INTRODUCTION The eleventh revision of the International Classification of Diseases (ICD-11) is planned to be published in 2018. So called, "beta version" of the chapter of mental and behavioral disorders (ICD-11) is already available and it is considered that there will be no significant deviations in the final version. The DSM-5 was released in 2013. Changes related to mental disorders in child and adolescent psychiatry have been made in both of these classifications. To identify changes in the classifications of mental disorders in childhood and adolescent age in beta version of ICD-11 and DSM-5. METHODS Review of mental disorders in childhood and adolescent age and their classification in ICD-11 and DSM-5. RESULTS For disorders that are classified as "mental retardation" in ICD-10, a new term "intellectual development disorders" has been introduced in ICD-11, ie "intellectual disabilities" in DSM-5. Hyperactivity disorders and attention deficit is a separate entity in relation to ICD-10, in which it is classified as a hyperkinetic disorder.

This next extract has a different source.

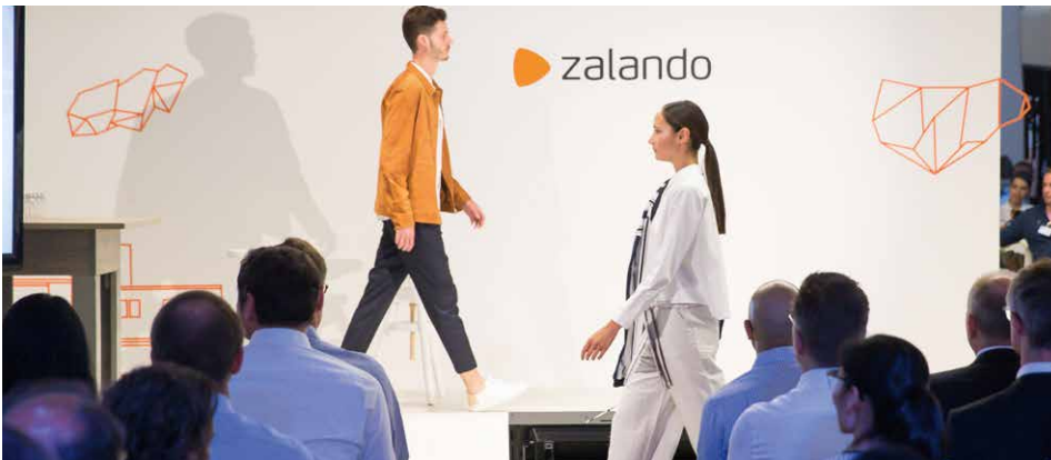
Catwalk-Präsentation der Zalando-Kollektion beim Kapitalmarkttag 2017.

Asperger's syndrome, which is isolated from autism spectrum disorders in DSM-5, does not appear under that name in ICD-11 either. Elimination disorders are in a separate block MKB-11 and DSM-5. Speech and language disorders are classified as communication disorders in the DSM-5 classification. Selective mutism and anxiety separation disorder in childhood are in the block of anxiety and fear-related disorders in ICD-11, and among anxiety disorders in DSM-5, respectively. Reactive emotional disorder and disinhibited attachment disorder of childhood are classified as stress-related disorders in ICD-11 and DSM-5. CONCLUSIONS The new classifications (ICD-11 and DSM-5) classify mental disorders in child and adolescent psychiatry somewhat differently from their antecedents. New entities have also been formed.